A picture-free, exact reproduction of the listing that follows is required.

(Beginning of Information shown)

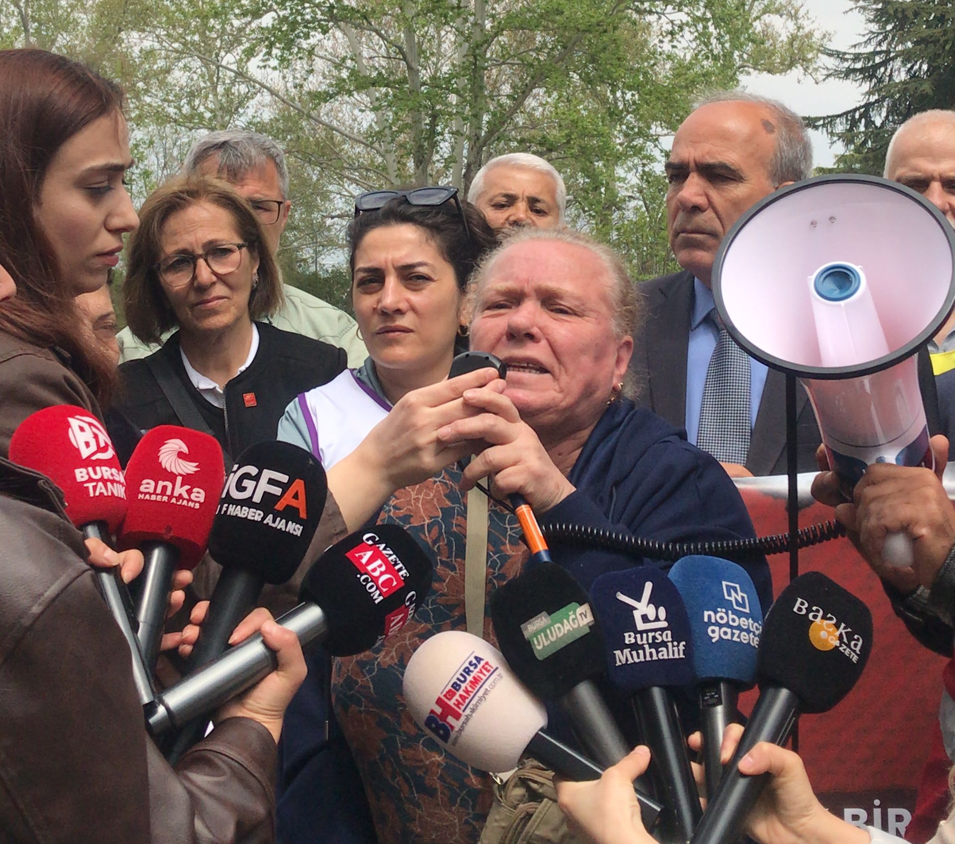 Açıklamaya yapılırken bölge sakinlerinden bir vatandaş: “Bu hastanenin değil, aşağıdaki devlet hastanesinin sahibiyiz biz. 60 senedir burada oturuyorum. Emekli astsubay kızıyım. Benim babam Sarıkamış’ta mayın döşedi. Şimdi onu da kaybettim, annemi de kaybettim. Tek başıma yaşıyorum. İnsülin kullanıyorum, şeker hastasıyım. Dizlerim rahatsız. Bir gözüm görmüyor, katarakt hastasıyım. Siz hastanelerinizi satıp ne yapmak istiyorsunuz? Bizi öldürmek mi? Benim gibi bir sürü hasta var. Şehir Hastanesi’ne gidemeyen insanlar var. Taksiye binecek paramız mı var? Benim babam emekli astsubaydı, ne maaş alıyor ki? Ne parası var ki? Ben taksi tutamam, Şehir Hastanesi’ne gidemem. Hepsi buraya geliyordu; onkolojiye ve devlet hastanesine. Burası 1868’de Guraba Hastanesi oldu. Yetersiz kaldığı için Muradiye’ye döndü. Daha sonra 1951 ve 1952’de devlet hastanesi oldu. Yani Osmanlı diyorsunuz, Osmanlı’nın göbeğindesiniz, Tophane’desiniz. Osmanlı’ya niye saygı duymuyorsunuz da Tophane topraklarındaki bu hastaneyi, onkolojiyi ve devlet hastanesini kapatıyorsunuz? Ne hakla bunu yapıyorsunuz? Nasıl seyrediyorsunuz? Bizim erkeklerimiz sokaklarda. Hepsi mafya, hepsi Polat Alemdar kesilmiş. Siz ne yapıyorsunuz? Bakın, gözlüklerinizi çıkarın. Tophane halkı hastanesini geri istiyor. Hastanelerimi geri istiyorum. Eğer siz buraya otel yaparsanız, hamam yaparsanız her gün bir camınızı kıracaklar. Her gün gelip yüzünüze tüküreceğim. Her gün, herkesin yanında. Kahrolsun! Hayır, değilsiniz. Biz Atatürkçüyüz. Sonuna kadar Atatürkçüyüz ve Atatürk’ün izindeyiz. Atatürk olmasaydı acaba siz ne yapardınız?Buraları sattınız. Fabrikalarımızı sattınız. PTT’lerimizi sattınız. Telekomlarımızı sattınız. Aklınıza gelen her şeyi sattınız. Daha satılmadık neyimiz kaldı? Bizi mi satacaksınız? Para etmem ki, 67 yaşındayım. Bizi mi satacaksınız? Kızlar mı olsun size? Utanın, utanın. Biz biliyoruz. Kaç trilyona sattınız, kime sattınız, saklıyorsunuz. Hepsi çıkacak ortaya. Bu millet size gereken cevabı verecek. Yeter artık, gidin. Gelin içeri. Yeter, gidin artık.” dedi.
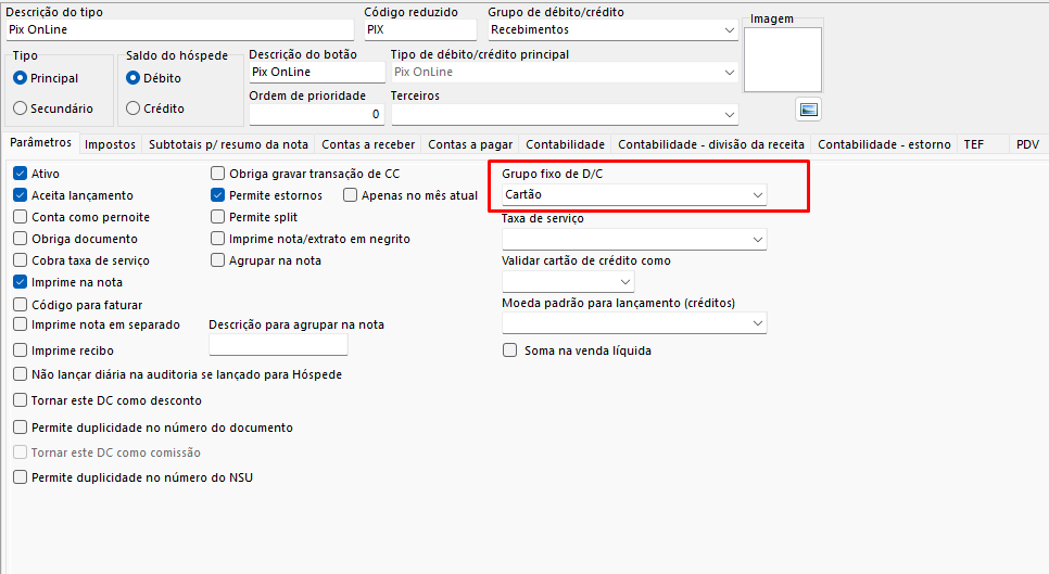- Configuração do Tipo de Debito e Crédito
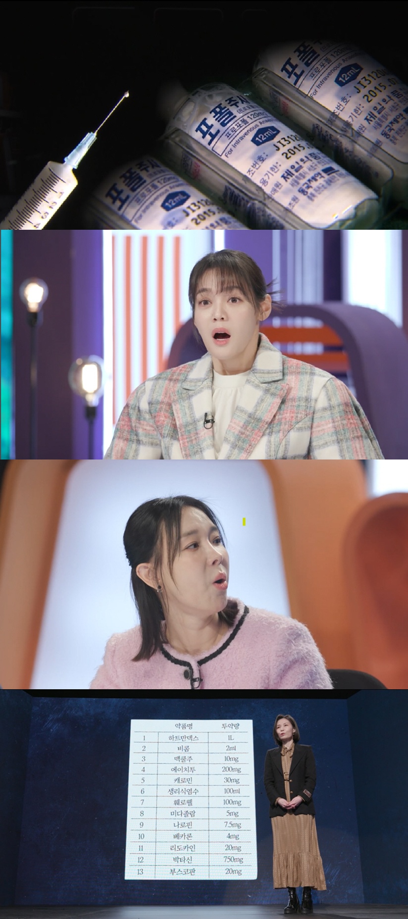 한편 이날 방송에서는 직접 수사를 담당한 곽동규 경감(서울청 광역수사단)이 출연해 사건 당시 상황을 생생하게 증언하고, 서울대병원 마취통증의학과 문지연 교수가 출연해 산부인과 의사가 놓은 12가지 약물에 대해 자세히 분석한다.
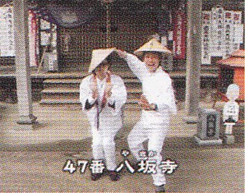 浄瑠璃寺のすぐ近くにあります。八坂寺と言ったら、洋さんの笠に手が当たって、リーダーは楽しそうですが、洋さんは少しむっとしている、って言う感じですね。逆うちではこの後岩屋寺に行くのでその話も出てましたね。

(End of Information shown)

**Problem solution**:
 Açıklamaya yapılırken bölge sakinlerinden bir vatandaş: “Bu hastanenin değil, aşağıdaki devlet hastanesinin sahibiyiz biz. 60 senedir burada oturuyorum. Emekli astsubay kızıyım. Benim babam Sarıkamış’ta mayın döşedi. Şimdi onu da kaybettim, annemi de kaybettim. Tek başıma yaşıyorum. İnsülin kullanıyorum, şeker hastasıyım. Dizlerim rahatsız. Bir gözüm görmüyor, katarakt hastasıyım. Siz hastanelerinizi satıp ne yapmak istiyorsunuz? Bizi öldürmek mi? Benim gibi bir sürü hasta var. Şehir Hastanesi’ne gidemeyen insanlar var. Taksiye binecek paramız mı var? Benim babam emekli astsubaydı, ne maaş alıyor ki? Ne parası var ki? Ben taksi tutamam, Şehir Hastanesi’ne gidemem. Hepsi buraya geliyordu; onkolojiye ve devlet hastanesine. Burası 1868’de Guraba Hastanesi oldu. Yetersiz kaldığı için Muradiye’ye döndü. Daha sonra 1951 ve 1952’de devlet hastanesi oldu. Yani Osmanlı diyorsunuz, Osmanlı’nın göbeğindesiniz, Tophane’desiniz. Osmanlı’ya niye saygı duymuyorsunuz da Tophane topraklarındaki bu hastaneyi, onkolojiyi ve devlet hastanesini kapatıyorsunuz? Ne hakla bunu yapıyorsunuz? Nasıl seyrediyorsunuz? Bizim erkeklerimiz sokaklarda. Hepsi mafya, hepsi Polat Alemdar kesilmiş. Siz ne yapıyorsunuz? Bakın, gözlüklerinizi çıkarın. Tophane halkı hastanesini geri istiyor. Hastanelerimi geri istiyorum. Eğer siz buraya otel yaparsanız, hamam yaparsanız her gün bir camınızı kıracaklar. Her gün gelip yüzünüze tüküreceğim. Her gün, herkesin yanında. Kahrolsun! Hayır, değilsiniz. Biz Atatürkçüyüz. Sonuna kadar Atatürkçüyüz ve Atatürk’ün izindeyiz. Atatürk olmasaydı acaba siz ne yapardınız?Buraları sattınız. Fabrikalarımızı sattınız. PTT’lerimizi sattınız. Telekomlarımızı sattınız. Aklınıza gelen her şeyi sattınız. Daha satılmadık neyimiz kaldı? Bizi mi satacaksınız? Para etmem ki, 67 yaşındayım. Bizi mi satacaksınız? Kızlar mı olsun size? Utanın, utanın. Biz biliyoruz. Kaç trilyona sattınız, kime sattınız, saklıyorsunuz. Hepsi çıkacak ortaya. Bu millet size gereken cevabı verecek. Yeter artık, gidin. Gelin içeri. Yeter, gidin artık.” dedi.
- Configuração do Tipo de Debito e Crédito
 한편 이날 방송에서는 직접 수사를 담당한 곽동규 경감(서울청 광역수사단)이 출연해 사건 당시 상황을 생생하게 증언하고, 서울대병원 마취통증의학과 문지연 교수가 출연해 산부인과 의사가 놓은 12가지 약물에 대해 자세히 분석한다.
 浄瑠璃寺のすぐ近くにあります。八坂寺と言ったら、洋さんの笠に手が当たって、リーダーは楽しそうですが、洋さんは少しむっとしている、って言う感じですね。逆うちではこの後岩屋寺に行くのでその話も出てましたね。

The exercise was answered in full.